**Aim of the exercise:** Look through the data below for the line with "Luna clara virtua V8", and transcribe it exactly together with each line after it up to and including the line with "Fig. 4 - Routing der Drainageschlauches". Give nothing else.

**Data extract:**

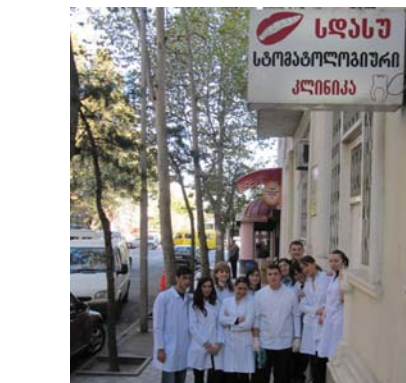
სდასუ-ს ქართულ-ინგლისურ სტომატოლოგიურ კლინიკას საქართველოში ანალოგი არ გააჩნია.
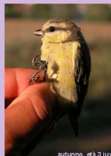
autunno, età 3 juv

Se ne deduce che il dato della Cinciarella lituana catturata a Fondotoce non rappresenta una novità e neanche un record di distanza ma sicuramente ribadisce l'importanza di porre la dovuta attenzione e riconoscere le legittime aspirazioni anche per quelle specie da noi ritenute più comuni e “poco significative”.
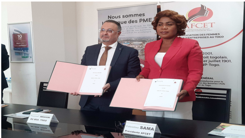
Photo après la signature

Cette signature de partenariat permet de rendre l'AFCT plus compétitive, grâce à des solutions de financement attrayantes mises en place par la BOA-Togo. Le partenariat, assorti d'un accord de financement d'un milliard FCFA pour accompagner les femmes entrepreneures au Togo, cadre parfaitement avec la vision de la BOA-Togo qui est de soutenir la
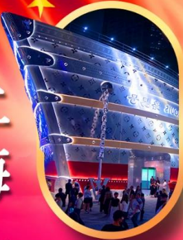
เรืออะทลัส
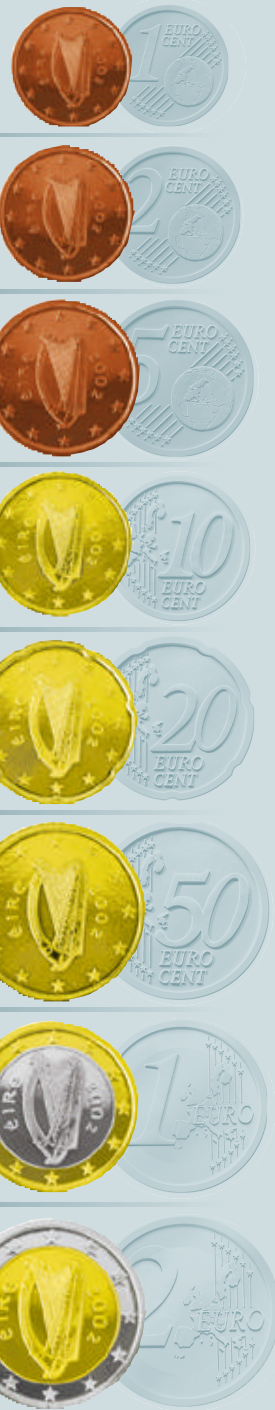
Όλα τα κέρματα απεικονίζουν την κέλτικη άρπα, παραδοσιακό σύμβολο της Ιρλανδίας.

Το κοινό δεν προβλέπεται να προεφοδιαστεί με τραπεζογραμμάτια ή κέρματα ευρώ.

---

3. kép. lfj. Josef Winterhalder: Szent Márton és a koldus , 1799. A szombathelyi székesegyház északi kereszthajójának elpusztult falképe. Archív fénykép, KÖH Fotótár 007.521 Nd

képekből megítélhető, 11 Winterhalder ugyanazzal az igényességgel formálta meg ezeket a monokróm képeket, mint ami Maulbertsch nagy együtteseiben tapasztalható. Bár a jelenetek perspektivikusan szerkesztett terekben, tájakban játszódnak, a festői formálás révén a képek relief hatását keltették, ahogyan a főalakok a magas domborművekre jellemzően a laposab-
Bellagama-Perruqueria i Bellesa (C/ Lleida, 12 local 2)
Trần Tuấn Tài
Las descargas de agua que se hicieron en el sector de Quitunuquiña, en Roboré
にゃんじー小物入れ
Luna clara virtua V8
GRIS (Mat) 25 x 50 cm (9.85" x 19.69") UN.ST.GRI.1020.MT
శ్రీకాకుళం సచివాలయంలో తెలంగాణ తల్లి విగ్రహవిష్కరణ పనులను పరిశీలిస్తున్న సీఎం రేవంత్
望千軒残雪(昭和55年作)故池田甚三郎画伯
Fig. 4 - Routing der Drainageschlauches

**Task response:**
Luna clara virtua V8
GRIS (Mat) 25 x 50 cm (9.85" x 19.69") UN.ST.GRI.1020.MT
శ్రీకాకుళం సచివాలయంలో తెలంగాణ తల్లి విగ్రహవిష్కరణ పనులను పరిశీలిస్తున్న సీఎం రేవంత్
望千軒残雪(昭和55年作)故池田甚三郎画伯
Fig. 4 - Routing der Drainageschlauches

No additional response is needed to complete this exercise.